The conclusion is that section 52 of the Domestic Relations Law does not bar the rights of a trustee in bankruptcy of the insured where the insured has reserved the power to change the beneficiary of the policy.

Second, as to section 55-a of the Insurance Law. This statute is far more comprehensive. It applies to all beneficiaries other than the insured, and there is no limit on the amount of the exemption. As if in recognition of the result under the older statute, it is here provided explicitly that the reservation by the insured of the right to change the beneficiary shall not impair the exemption. It was accordingly held in Re Messinger, supra, that where a bankrupt had made his wife the beneficiary and had reserved the right to change, the trustee in bankruptcy, by reason of section 55-a, could not reach the policy or its surrender value.

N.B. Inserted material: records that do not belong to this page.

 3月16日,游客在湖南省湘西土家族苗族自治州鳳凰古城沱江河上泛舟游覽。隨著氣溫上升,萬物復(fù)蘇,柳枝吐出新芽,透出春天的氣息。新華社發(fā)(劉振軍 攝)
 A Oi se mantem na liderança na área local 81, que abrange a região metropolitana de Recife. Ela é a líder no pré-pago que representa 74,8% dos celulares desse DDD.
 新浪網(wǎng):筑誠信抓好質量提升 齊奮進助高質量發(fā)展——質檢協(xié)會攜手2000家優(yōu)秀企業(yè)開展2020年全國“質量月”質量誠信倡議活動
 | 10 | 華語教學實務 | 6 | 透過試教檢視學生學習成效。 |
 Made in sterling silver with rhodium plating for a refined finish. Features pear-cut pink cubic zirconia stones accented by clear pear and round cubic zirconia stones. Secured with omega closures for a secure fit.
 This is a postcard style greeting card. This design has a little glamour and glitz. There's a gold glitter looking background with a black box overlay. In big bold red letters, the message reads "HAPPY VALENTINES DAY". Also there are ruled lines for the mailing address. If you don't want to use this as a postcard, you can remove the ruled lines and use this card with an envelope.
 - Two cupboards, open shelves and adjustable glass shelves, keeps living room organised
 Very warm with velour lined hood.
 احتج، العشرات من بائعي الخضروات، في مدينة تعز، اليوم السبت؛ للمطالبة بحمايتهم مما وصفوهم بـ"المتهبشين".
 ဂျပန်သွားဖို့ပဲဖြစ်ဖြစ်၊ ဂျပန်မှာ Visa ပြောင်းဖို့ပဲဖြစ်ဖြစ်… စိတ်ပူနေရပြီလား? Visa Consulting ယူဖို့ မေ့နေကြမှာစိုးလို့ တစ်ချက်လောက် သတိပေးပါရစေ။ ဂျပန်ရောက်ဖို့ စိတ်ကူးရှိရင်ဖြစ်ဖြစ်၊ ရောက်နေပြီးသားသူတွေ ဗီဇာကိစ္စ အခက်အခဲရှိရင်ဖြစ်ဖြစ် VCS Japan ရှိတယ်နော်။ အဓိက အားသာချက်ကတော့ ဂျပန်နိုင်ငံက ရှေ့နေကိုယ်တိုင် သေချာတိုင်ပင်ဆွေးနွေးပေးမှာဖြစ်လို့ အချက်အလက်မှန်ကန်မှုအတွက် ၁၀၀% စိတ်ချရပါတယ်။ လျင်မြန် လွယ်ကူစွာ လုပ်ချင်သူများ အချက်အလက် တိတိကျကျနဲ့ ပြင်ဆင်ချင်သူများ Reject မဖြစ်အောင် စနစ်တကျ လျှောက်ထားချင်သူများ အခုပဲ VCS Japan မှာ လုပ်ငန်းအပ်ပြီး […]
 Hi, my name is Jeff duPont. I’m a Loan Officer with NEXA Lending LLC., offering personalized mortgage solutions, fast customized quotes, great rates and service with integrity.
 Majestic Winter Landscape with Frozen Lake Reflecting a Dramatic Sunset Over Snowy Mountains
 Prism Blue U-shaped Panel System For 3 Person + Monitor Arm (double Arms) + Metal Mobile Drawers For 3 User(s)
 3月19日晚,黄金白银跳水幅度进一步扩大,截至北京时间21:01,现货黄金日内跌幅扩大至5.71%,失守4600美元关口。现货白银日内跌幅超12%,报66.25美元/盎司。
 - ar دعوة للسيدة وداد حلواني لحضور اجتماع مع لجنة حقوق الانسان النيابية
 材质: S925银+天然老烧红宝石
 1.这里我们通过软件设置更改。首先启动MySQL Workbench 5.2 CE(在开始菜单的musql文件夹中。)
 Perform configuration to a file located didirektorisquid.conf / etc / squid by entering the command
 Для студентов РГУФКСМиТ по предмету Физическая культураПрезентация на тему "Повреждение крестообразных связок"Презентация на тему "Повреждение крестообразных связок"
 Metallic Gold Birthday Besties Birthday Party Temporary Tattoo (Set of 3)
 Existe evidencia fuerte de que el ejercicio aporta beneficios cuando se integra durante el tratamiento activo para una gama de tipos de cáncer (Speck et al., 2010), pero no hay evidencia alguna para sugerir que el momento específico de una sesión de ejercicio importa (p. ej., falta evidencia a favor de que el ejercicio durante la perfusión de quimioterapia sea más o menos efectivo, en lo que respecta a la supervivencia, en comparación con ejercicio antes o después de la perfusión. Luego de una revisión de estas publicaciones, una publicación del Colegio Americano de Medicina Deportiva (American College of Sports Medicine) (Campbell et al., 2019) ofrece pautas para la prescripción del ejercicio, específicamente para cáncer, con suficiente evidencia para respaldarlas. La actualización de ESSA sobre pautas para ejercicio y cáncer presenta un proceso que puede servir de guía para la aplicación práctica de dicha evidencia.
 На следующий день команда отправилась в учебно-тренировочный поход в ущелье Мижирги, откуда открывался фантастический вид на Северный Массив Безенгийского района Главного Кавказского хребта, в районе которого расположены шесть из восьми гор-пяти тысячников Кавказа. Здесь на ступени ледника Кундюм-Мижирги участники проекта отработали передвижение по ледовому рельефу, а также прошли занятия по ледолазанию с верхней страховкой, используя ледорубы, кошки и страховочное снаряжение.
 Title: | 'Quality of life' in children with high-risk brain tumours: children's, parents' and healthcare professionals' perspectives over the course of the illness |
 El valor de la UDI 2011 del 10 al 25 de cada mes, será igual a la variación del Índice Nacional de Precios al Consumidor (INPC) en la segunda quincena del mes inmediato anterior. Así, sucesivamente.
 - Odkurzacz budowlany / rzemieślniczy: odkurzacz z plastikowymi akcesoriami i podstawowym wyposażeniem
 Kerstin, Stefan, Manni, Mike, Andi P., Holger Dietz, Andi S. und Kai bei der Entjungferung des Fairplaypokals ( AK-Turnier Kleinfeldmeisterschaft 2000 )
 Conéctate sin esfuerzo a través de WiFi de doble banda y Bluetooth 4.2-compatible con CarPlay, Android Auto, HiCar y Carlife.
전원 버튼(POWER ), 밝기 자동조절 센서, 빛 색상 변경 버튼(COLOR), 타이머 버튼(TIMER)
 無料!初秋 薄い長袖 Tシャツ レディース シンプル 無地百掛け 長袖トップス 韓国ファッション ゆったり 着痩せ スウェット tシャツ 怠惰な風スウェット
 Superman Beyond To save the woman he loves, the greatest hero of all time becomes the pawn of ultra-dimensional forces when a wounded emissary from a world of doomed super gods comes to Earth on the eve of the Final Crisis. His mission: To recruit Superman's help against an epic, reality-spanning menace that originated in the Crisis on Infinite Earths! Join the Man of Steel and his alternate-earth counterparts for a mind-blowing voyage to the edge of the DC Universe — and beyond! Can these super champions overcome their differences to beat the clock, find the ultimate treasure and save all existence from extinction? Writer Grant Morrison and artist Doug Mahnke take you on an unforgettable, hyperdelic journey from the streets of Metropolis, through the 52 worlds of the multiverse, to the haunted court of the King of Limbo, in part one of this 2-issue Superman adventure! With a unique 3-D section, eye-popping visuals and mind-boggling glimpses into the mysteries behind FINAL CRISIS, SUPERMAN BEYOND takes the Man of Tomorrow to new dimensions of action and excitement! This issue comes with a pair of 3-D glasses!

But the Messinger Case also stands for the point that the act will not be construed retroactively and does not affect claims in existence on March 31, 1927. The New York Court of Appeals has also recently held that Insurance Law, § 55-a is not applicable to pre-existing claims. Addiss v. Selig, 264 N.Y. 274, 190 N.E. 490, 92 A. L. R. 1384.

The bankrupt says that the claim of Benson was not in existence until 1931, since he did not own the note prior to that time. But the note was a liability of the bankrupt as early as 1924. Freed, the original payee, held it until 1931, when he transferred it to Benson. It was a claim existing on March 31, 1927. In Freed's hands it was not affected by the exemption, and the claim did not lose anything by the later assignment to Benson. I am referred to no authorities on the point. It was held, however, in Ladd v. Dudley, 45 N. H. 61, that a note made by the defendant to one Kittredge prior to the effective date of a homestead exemption law was not subject to the exemption, despite the fact that it had not come into the plaintiff's hands, by indorsement of Kittredge, until after the effective date. The case here is analogous.

The bankrupt also claims that the three policies must be viewed as taken out in 1929. If this were true, they would undoubtedly be exempt. But it is plain that *315 the policies were taken out in 1924-1926. All that happened in 1929 was a modification in certain provisions. The fact that new pieces of paper were issued in 1929 as to two of the policies is of no moment. That was a mere change in the form of the contract.

The claim of Benson exceeded the cash surrender value of the policies. It follows that section 55-a does not bar the claim of the trustee in bankruptcy to the cash surrender value.

The order of the referee in favor of the trustee was right, and will be affirmed.